What if we thought of every person on the other side of the TV screen as our brother or sister – Palestinian and Israeli alike?* What if we offered good wine to everyone we invite into our homes through Facebook? What if we saw the person in the street wearing the Star of David not as a representative of a country she may never have been to, but as a real person who needs to see a friendly face? And what if we insisted on making a nice cup of tea for anyone we engaged with online – metaphorically speaking?
That’s the first thing I do for someone who comes through the door of my home, dedicated to the gods and spirits as it is. I learnt that from my Irish (Catholic) family. Everything I say in this home needs to be honourable. I need to start thinking of the people I engage with online as sitting in my living room, holding a cup of tea that I made for them, refusing the cake that I keep offering them to the point of mild mutual annoyance.
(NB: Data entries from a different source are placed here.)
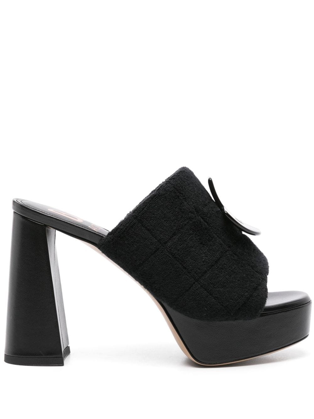 x Bettina Vermillon 110mm Anita sandals Highlights - Black - Logo plaque - Towelling finish - Short pile design - Slip-on style - Square open toe - Branded leather insole - 110mm block heel - Leather outsole Made in Italy Composition Outer: Lambskin 60%, Cotton 40% SIZE & FIT Measurement HEEL 4.33 in(11 cm) Sole height 1.18 in(3 cm)
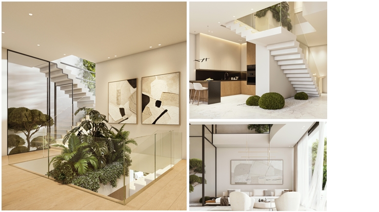 Vibrant stage for contemporary family life wellness, movement, and community. Living garden at the heart of the home. Architectural promenade through light. Home sculpted from glass and sunlight.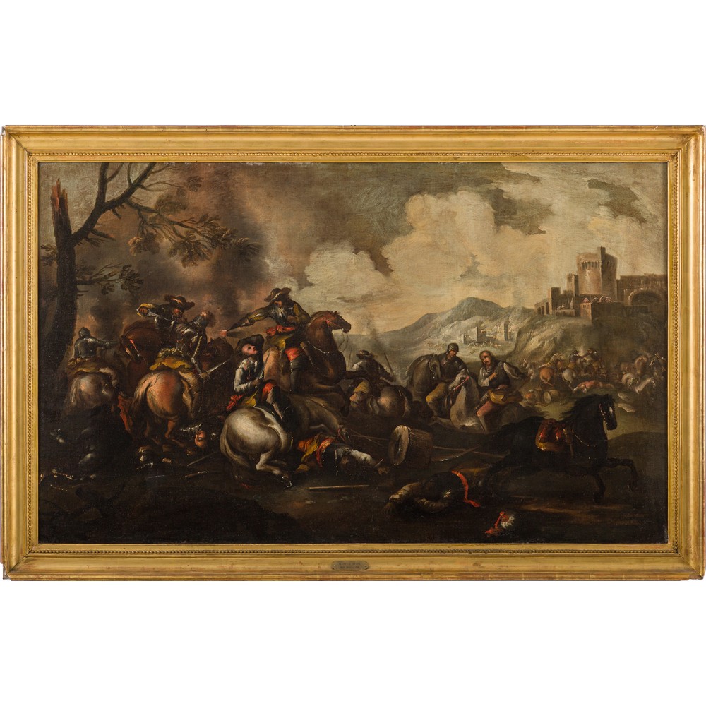 Battaglia con soldati a cavallo e castello sullo sfondo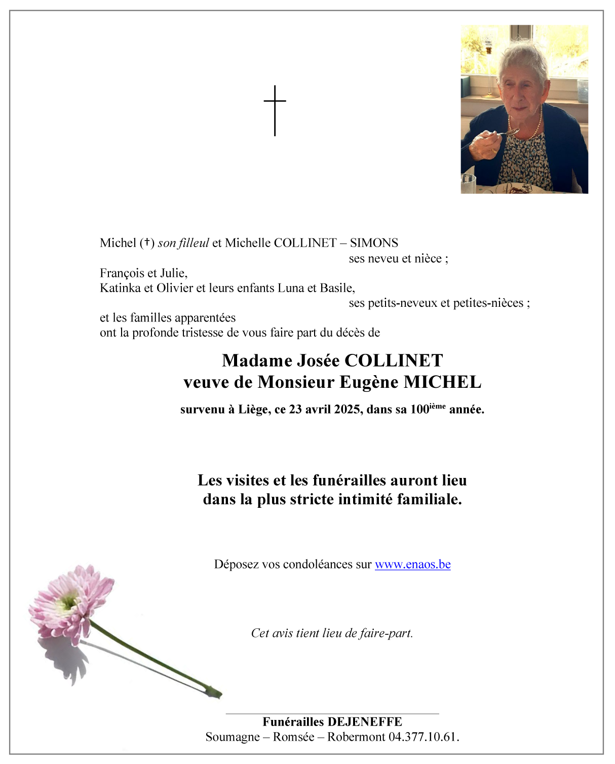 Décédée à Liège (4000) le mercredi 23 avril 2025 à l'âge de 99 ans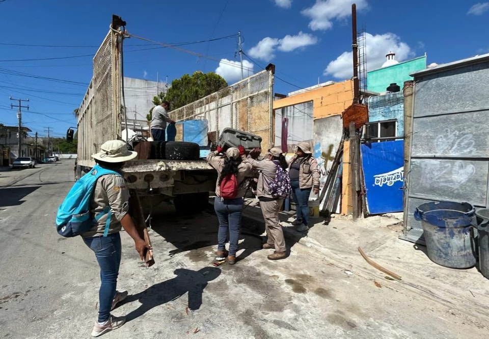 Chetumal, Quintana Roo, 14 de abril de 2025.- La Secretaría de Salud de Quintana Roo dio a conocer que, con anticipación al inicio de la temporada de lluvias y desde el inicio del presente 2025 se promueve la participación de la población en las acciones de eliminación de cacharros para mantener sus patios y azoteas libres de potenciales criaderos de moscos.

Sitting under a Brighid’s cross that hangs on the wall.
We are not Other. We are the same. I think we need to start there. I think I need to start there.
I’m so, so tired. I’m writing this in tears, for everyone involved, on any level. For my wife. For their family. For my friends without air-raid shelters whose safety I’m concerned about. Most of all, for the Palestinians being killed in the thousands. This is a conflict that is so emotive, for a lot of us. And I can’t be on Facebook, or really ask for support anywhere, because I get shouted down. But ultimately, my feelings (as a non-involved, incredibly privileged, very safe person) don’t matter. It’s my behaviour that matters, and that needs to be honourable.
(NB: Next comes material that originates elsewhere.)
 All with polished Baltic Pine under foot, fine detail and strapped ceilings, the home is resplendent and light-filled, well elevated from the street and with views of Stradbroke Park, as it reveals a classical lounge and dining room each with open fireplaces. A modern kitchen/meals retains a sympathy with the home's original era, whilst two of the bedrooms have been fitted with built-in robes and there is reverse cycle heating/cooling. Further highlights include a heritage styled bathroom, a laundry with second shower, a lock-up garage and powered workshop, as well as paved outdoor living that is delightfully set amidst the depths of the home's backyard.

May Brighid the Peacemaker and Morrigan the Honourable Warrior guide all my words and actions today. Face to face, and online.
Let there be peace on earth
And let it begin with me…
P.S. Members of the Druid Network are currently talking about a communal prayer/ritual for peace. I’ll share the details as we get them sorted, so others can join in.
*I say this as someone who does in fact have Israeli brothers and sisters, who treat me with wonderful hospitality. They’re not evil people, and I can never look upon their entire country and see evil people, as a result.